At this point, I called my friend over. Confused and oblivious, she asked me, “what’s wrong?” When I explained to her what I had noticed, she became visibly uncomfortable. What she believed to be friendly dancing between two girls was actually an attempt to gain the sexual attention of straight men. In doing so, her actions devalued my friend to the point where she became an object, a tool in her pursuit to please other men.
The fetishization of non-heterosexual women is a symbolic extension of women’s lives throughout history: a past in which men decided women were theirs and existed exclusively for their benefit. Of course, we have now gained the right to vote, to property and money amongst many other things that were denied to us in the past. Our bodies, however, remain controlled. This control of women’s bodies comes in many forms, from legislation to the societal stigmatization of women having casual sex and multiple sexual partners. Another form of this control that is overlooked, however, is the fetishization of lesbian and bisexual women.
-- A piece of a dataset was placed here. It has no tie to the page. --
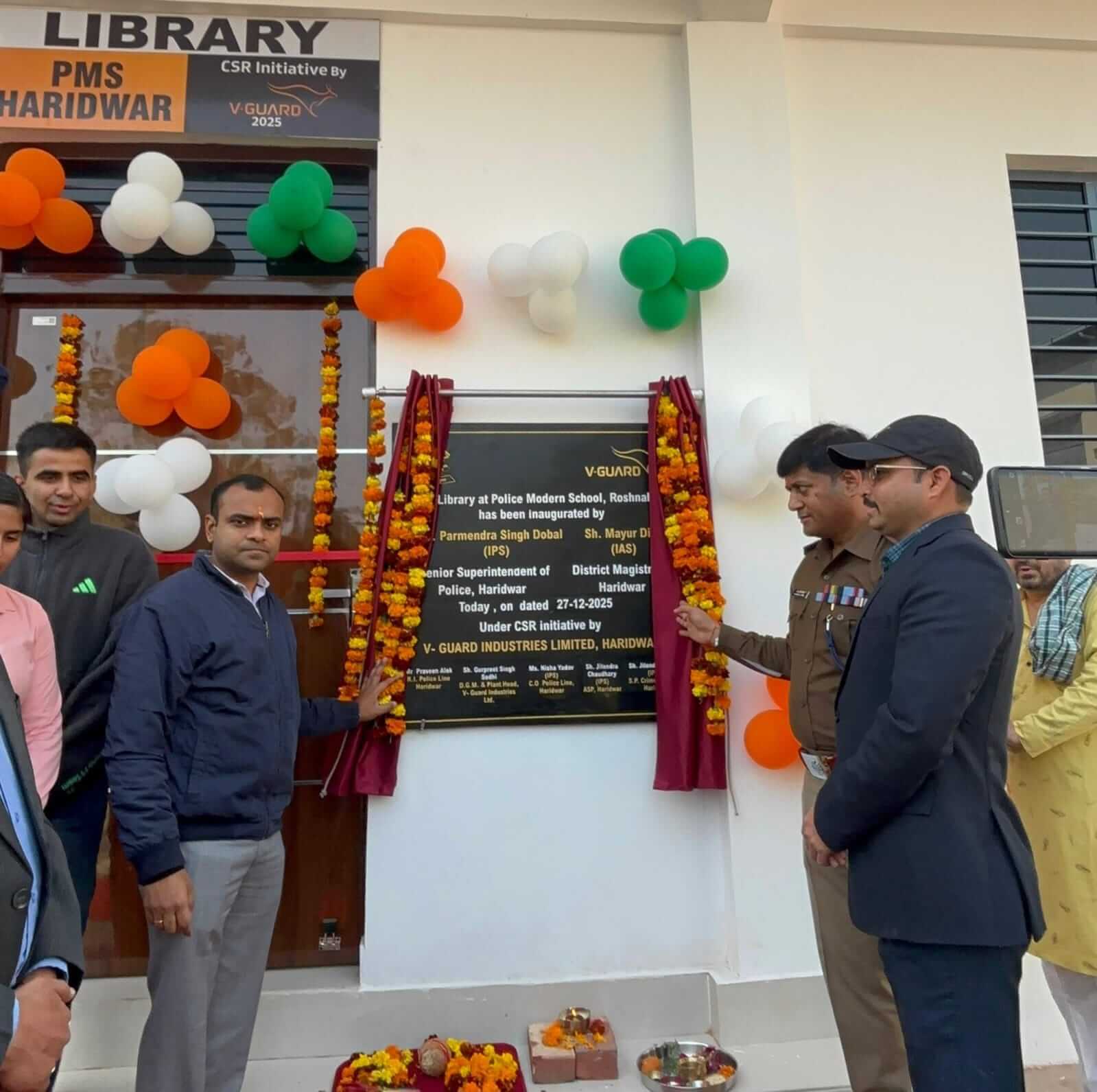 हरिद्वार/श्रीनगर गढ़वाल। हरिद्वार पुलिस लाइन रोशनाबाद परिसर में 27 दिसंबर 2025 को नव निर्मित आधुनिक लाइब्रेरी का उद्घाटन किया गया। उद्घाटन जिलाधिकारी हरिद्वार मयूर दीक्षित और वरिष्ठ पुलिस अधीक्षक हरिद्वार प्रमेन्द्र सिंह डोबाल द्वारा किया गया। इस अवसर पर विद्यार्थियों के शैक्षणिक विकास को प्रोत्साहित करने की दिशा में इस पहल को सराहनीय बताया गया। यह लाइब्रेरी सीएसआर योजना के अंतर्गत वी-गार्ड कंपनी के सहयोग से तैयार की गई है।लाइब्रेरी में अध्ययन के लिए अनुकूल वातावरण,बैठने की समुचित व्यवस्था और आवश्यक शैक्षणिक संसाधन उपलब्ध कराए गए हैं,जिससे विद्यार्थियों को शांत और सुविधाजनक माहौल में पढ़ाई करने का अवसर मिलेगा। लाइब्रेरी की स्थापना से पुलिस मॉडल स्कूल में अध्ययनरत विद्यार्थियों को एक महत्वपूर्ण शैक्षणिक सुविधा प्राप्त हुई है। यह पहल न केवल बच्चों की अध्ययनशीलता को बढ़ावा देगी,बल्कि उनकी प्रतियोगी परीक्षाओं की तैयारी और समग्र शैक्षणिक विकास में भी सहायक सिद्ध होगी। उद्घाटन कार्यक्रम के दौरान पुलिस अधीक्षक अपराध,पुलिस अधीक्षक नगर,सिटी और देहात सर्किल के क्षेत्राधिकारी,वी-गार्ड कंपनी के अधिकारी तथा पुलिस लाइन परिसर के कर्मचारी उपस्थित रहे। इसके अतिरिक्त,CSR के अंतर्गत किए गए कार्य में वी-गार्ड इंडस्ट्रीज़ लिमिटेड की ओर से जी.एम.-हरिद्वार प्लांट गुरप्रीत सिंह,जी.एम.-रुड़की प्लांट विनय पांडेय,एच.आर.मैनेजर संदीप शर्मा एवं धर्मेन्द्र सिंह तथा अन्य कंपनी पदाधिकारी संजीव मेसन,विजयशंकर,आर्यन,राजेश आदि की गरिमामयी उपस्थिति रही।

What heterosexual, hypermasculine men don’t seem to understand is that sexuality is not a choice. More importantly, it is definitely not a choice made for the pleasure of men. Of course, sexuality is complex and multifaceted, and sexual experimentation is very common and real. Nevertheless, this notion of “experimentation” carries within itself a stereotype that perpetuates the idea that a female’s sexuality is fluid, and a male’s is fixed. In other words, assuming that experimentation applies only to women diminishes the importance of a woman’s sexuality. A male’s sexuality is thus seen as inborn, while a woman’s is solely an “experiment.”
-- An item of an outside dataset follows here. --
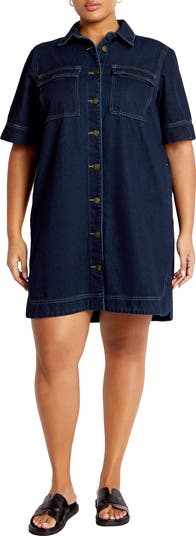 Amp up your casual-cool game in this staple denim dress updated in a dark wash for day-to-night appeal.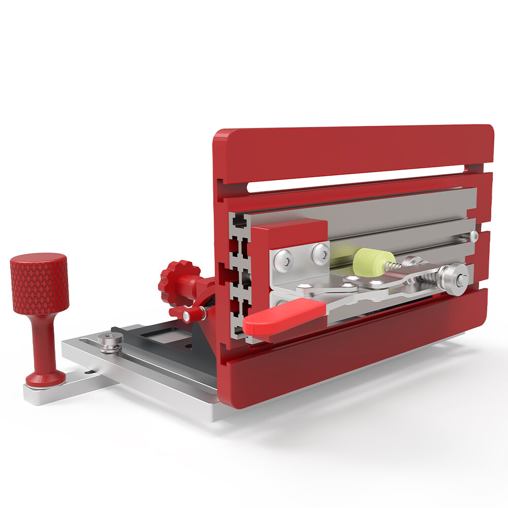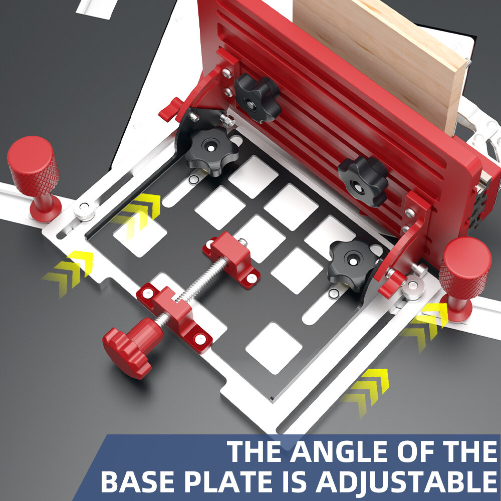 The base plate features adjustable positioning options for greater alignment accuracy and a smoother workflow.

When heterosexual men think of lesbian or bisexual relationships, they think of them purely sexually, with no romance involved. They trivialize lesbian relationships to the point where they become superficial or something meant to be watched. This can be seen in advertisements intended for male audiences in which women are depicted in intimate positions, or even in mainstream media like television shows or music videos.
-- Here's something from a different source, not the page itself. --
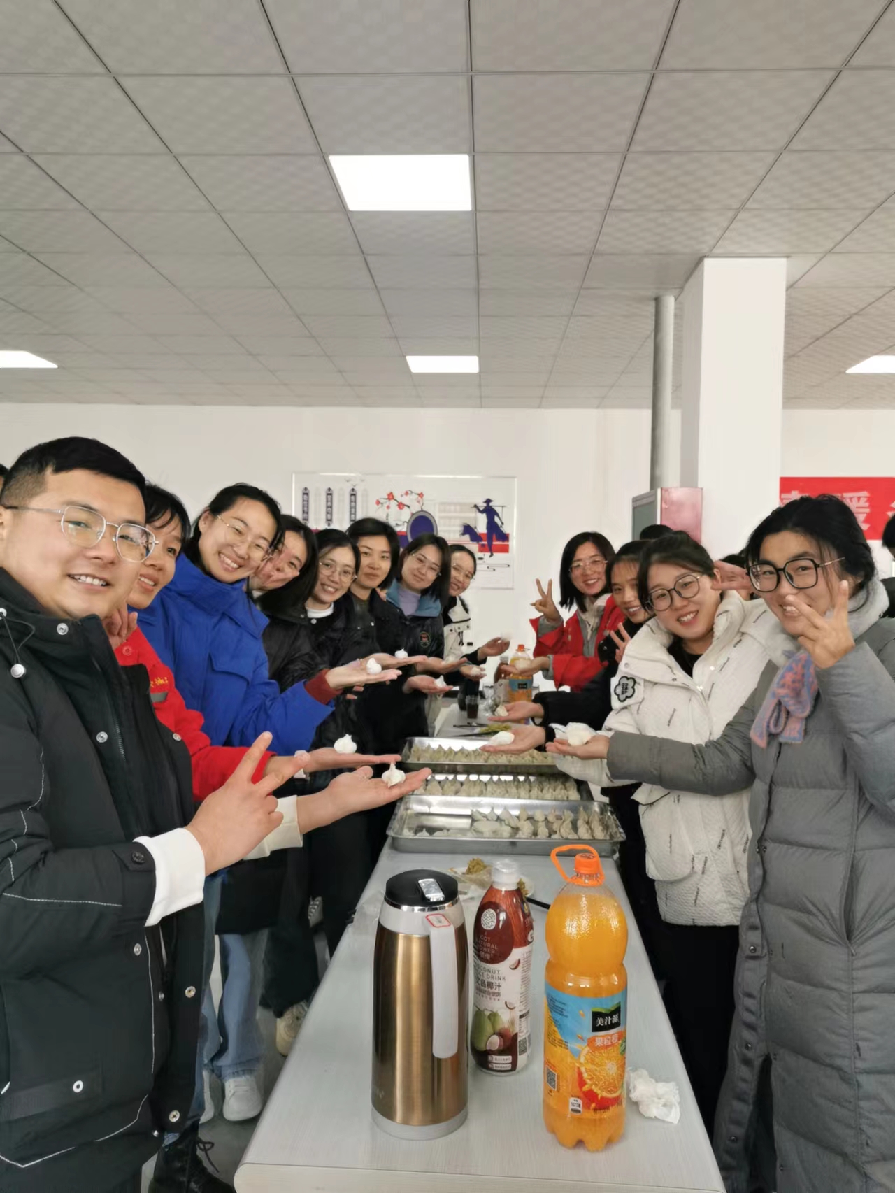 冬至如小年,員工自己動手,餃子包了一盤又一盤,煮熟的餃子香氣沁人。現(xiàn)場歡聲笑語,其樂融融。熱騰騰的餃子暖身暖心。員工品嘗著不同味道的餃子,忘記了寒冷,大廳成了幸福的樂園。

What’s problematic, however, is that women are beginning to perpetuate this problem themselves. Another friend once told me that another friend of hers said that she “only kisses girls at parties in front of other boys to get their attention.” This is simply not okay. Women don’t need to objectify themselves through the fetishization of lesbian relationships in order to get a male’s attention. In doing so, they are inadvertently validating the heterosexual institution that is upheld by our patriarchal society.
The bottom line is that women of all shades, shapes and sizes are completely allowed to form non-heterosexual relationships with other women, without the involvement of men. Women do not belong to men, and only until this is realized will non-heterosexual relationships between women will be displayed in a positive light: one that is both representative and empowering.